Gary H. Stern Former President (1985 - 2009)
Interview with Arthur Levitt

When Arthur Levitt became chairman of the U.S. Securities and Exchange Commission in 1993, he could look back on 16 years of Wall Street experience and know how arcane the world of investments might appear to the average investor. He set out to dispel the myth of the investment broker as being all-wise, and made it his special mission to educate the consumer. Levitt established the SEC's Office of Investor Education and Assistance and implemented a series of town hall meetings focused on investor education. In the following interview with Minneapolis Fed President Gary Stern, Levitt says, "If there is any legacy that I would wish to leave to this institution, it is that this commission respected the interests of the individual investor."

Photo of Arthur Levitt Levitt also talks about the effects of the Gramm-Leach-Bliley financial modernization legislation and the impact of a globalized electronic market on regulatory structure. Although acknowledging increased fraud as a result of the Internet, Levitt says, "If I had a magic wand, would I wipe out the Internet to protect investors from that fraud? No way." He adds, "The balance of benefits from the Internet vastly outweighs the negatives of the mischief that can be created."

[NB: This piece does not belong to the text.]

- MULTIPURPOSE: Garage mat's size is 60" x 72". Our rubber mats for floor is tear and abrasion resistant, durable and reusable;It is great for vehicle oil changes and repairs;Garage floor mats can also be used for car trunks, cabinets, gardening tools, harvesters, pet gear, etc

STERN: Prior to passage of Gramm-Leach-Bliley, you and others raised questions about the proposed regulatory structure that would result from financial modernization. Did the eventual legislation address your concerns?

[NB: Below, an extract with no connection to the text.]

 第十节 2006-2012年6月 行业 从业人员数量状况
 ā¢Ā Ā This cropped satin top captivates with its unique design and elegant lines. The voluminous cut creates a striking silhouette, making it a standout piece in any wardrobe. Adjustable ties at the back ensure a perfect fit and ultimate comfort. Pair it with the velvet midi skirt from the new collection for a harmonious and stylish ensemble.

LEVITT: Yes, it did. My primary concern was preserving the principles of functional regulation for securities activities. I think that the act successfully addresses that by striking a good balance between removing, among other things, the banks' blanket exception from broker-dealer registration while letting banks continue to engage in certain traditional bank securities activities directly. I was concerned with that part of the legislation that tried to define the roles of financial regulators. I think the act does this by recognizing each regulator's area of expertise. We're currently working with other regulators to draft a memorandum of understanding that would put meat on the bones so that we can coordinate our oversight responsibilities. We also called for the creation of a new type of holding company, an investment bank holding company, that would have the commission as its umbrella supervisor, and the act incorporates the investment bank holding company concept. We're considering rulemaking at this point to flesh out these new investment bank holding companies so that U.S. broker-dealers that opt into this model can compete overseas effectively without being subject to banklike rules that really do not fit their business models.

You know, I'm often asked the question about how you put aside issues of turf and come to grips with joint regulation of financial structures. And I've often thought that the fact that [Fed Chairman] Greenspan and [former Treasury Secretary] Rubin and I have known one another for 40 years has made for better policymaking than might otherwise exist. There was never a question in our minds as to whether we could rely on a commitment made by one another. There was never the need to go through the kind of "getting to know you" that often takes up most of the term of an incumbent agency head. Now, does that lead to success? I hope so, but it hasn't always been that way. The recent relationships certainly have made for better policy decisions.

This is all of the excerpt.